Department of Diabetes, Endocrinology and Metabolism and Department of Rheumatology and Clinical Immunology, Gifu University Graduate School of Medicine, Gifu, Gifu, Japan.
J Diabetes Investig. 2023 Jun;14(6):782-791. doi: 10.1111/jdi.14006. Epub 2023 Mar 24.
AIMS/INTRODUCTION: We aimed to clarify the effectiveness of the Diabetic Nephropathy Aggravation Prevention Program in Japan by comparing the diabetes-related medical visit behavior of individuals under the municipal national health insurance according to insurers' effort levels.
We assessed changes in medical visit behavior according to insurers' effort levels, "Full Efforts," "Some Efforts" and "No Effort," using longitudinal data from the National Database of Health Insurance Claims and Specific Health Checkups before 2015 and after 2018 regarding the national health insurance programs in Japan. We analyzed the effect of the Diabetic Nephropathy Aggravation Prevention Program using a generalized linear mixed model for 208,388 participants with diabetes.
The additive effect on medical visit behavior was significantly higher for insurers with "Full Efforts" than for those with "No Effort;" the coefficient (log odds ratio) was 0.159 (95% confidence interval 0.063-0.256). The additive effects on medical visit behavior sizes for the people with hemoglobin A1c ≥7.0%, positive urinary protein and systolic blood pressure ≥140 mmHg were 0.508, 0.402 and 0.232, respectively, which were larger than the overall effect size (0.159) for insurers with "Full Efforts."

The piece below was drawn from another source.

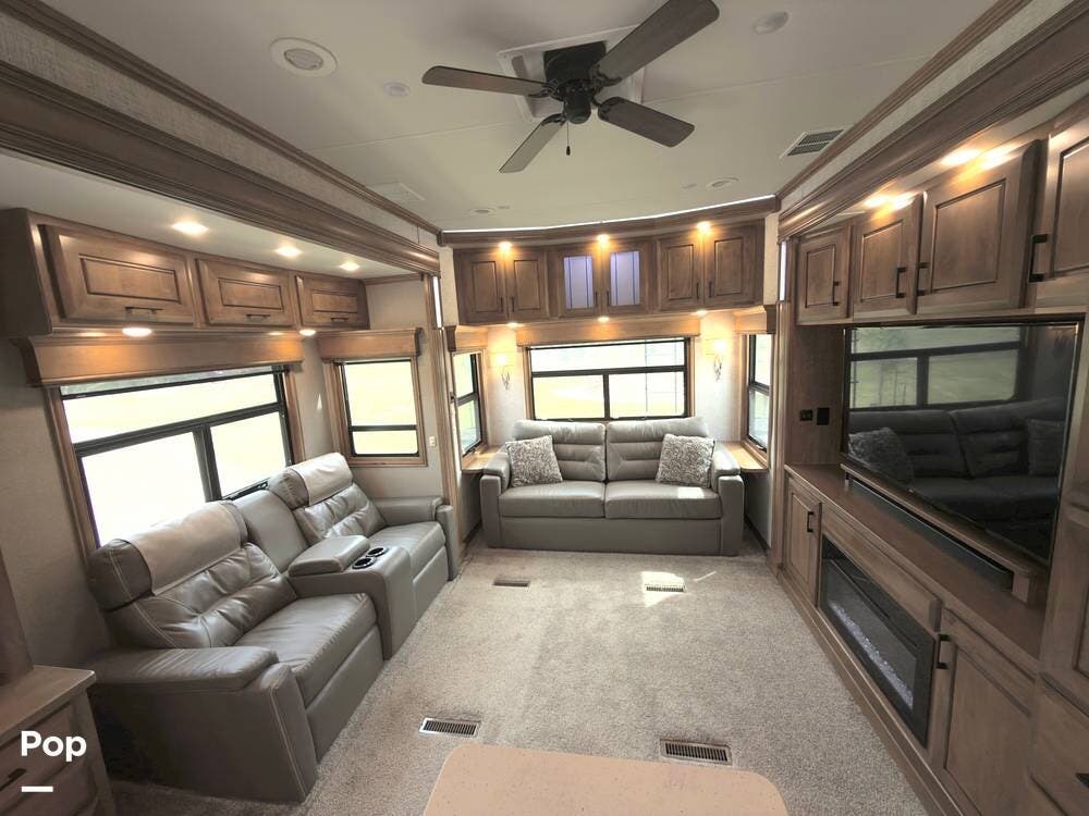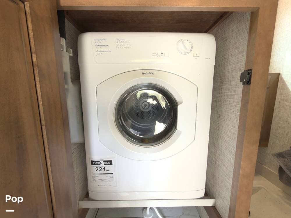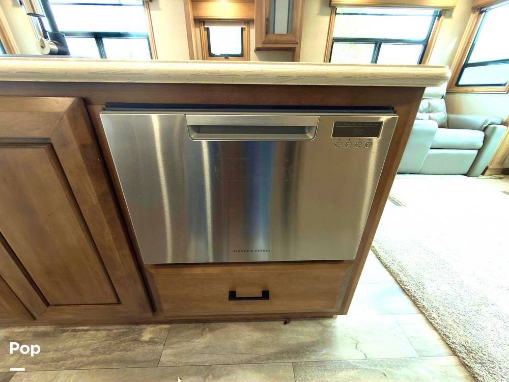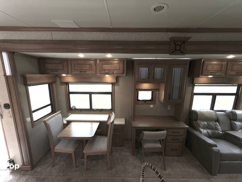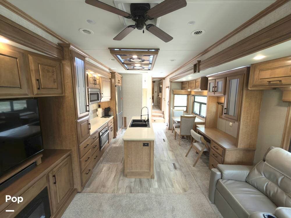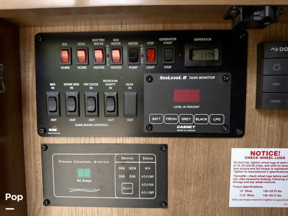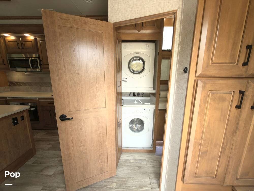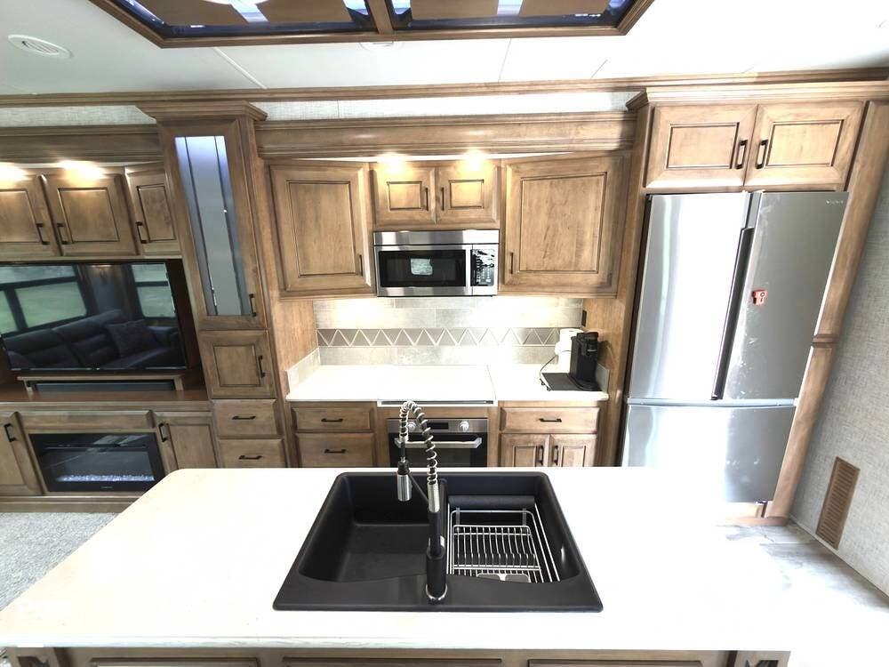 One-piece molded fiberglass roof, added 4th slide option (bedroom vanity), upgraded from 5500 Onan Generator to the 6500, 3rd A/C, Wifi Ranger, Outdoor Entertainment (TV), Winegard Satellite (HD), built-in wardrobe safe, stacked washer & dryer, power cord reel, 2nd power awning, tank heaters, & quartz countertops.

Our findings showed that insurer efforts had an additive effect on the increase in the number of medical visits, suggesting that this national program could reduce the number of end-stage renal failures or dialysis in Japan.
目的/引言:我们旨在通过比较根据保险公司努力程度的日本国民健康保险下个人的糖尿病相关医疗就诊行为,来阐明《糖尿病肾病恶化预防计划》的有效性。
我们使用了 2015 年和 2018 年之前的国家健康保险计划的纵向数据,从全国健康保险索赔和特定健康检查数据库中评估了根据保险公司努力程度(“全力”、“部分努力”和“无努力”)的医疗就诊行为变化。我们使用广义线性混合模型对 208388 名糖尿病患者进行了糖尿病肾病恶化预防计划效果分析。
“全力”保险公司的医疗就诊行为的附加效应明显高于“无努力”保险公司;系数(对数优势比)为 0.159(95%置信区间为 0.063-0.256)。血红蛋白 A1c≥7.0%、尿蛋白阳性和收缩压≥140mmHg 的人群的医疗就诊行为附加效应大小分别为 0.508、0.402 和 0.232,均大于“全力”保险公司的总体效应大小(0.159)。
我们的研究结果表明,保险公司的努力对增加就诊次数有附加效应,这表明该国家计划可能会减少日本终末期肾衰竭或透析的人数。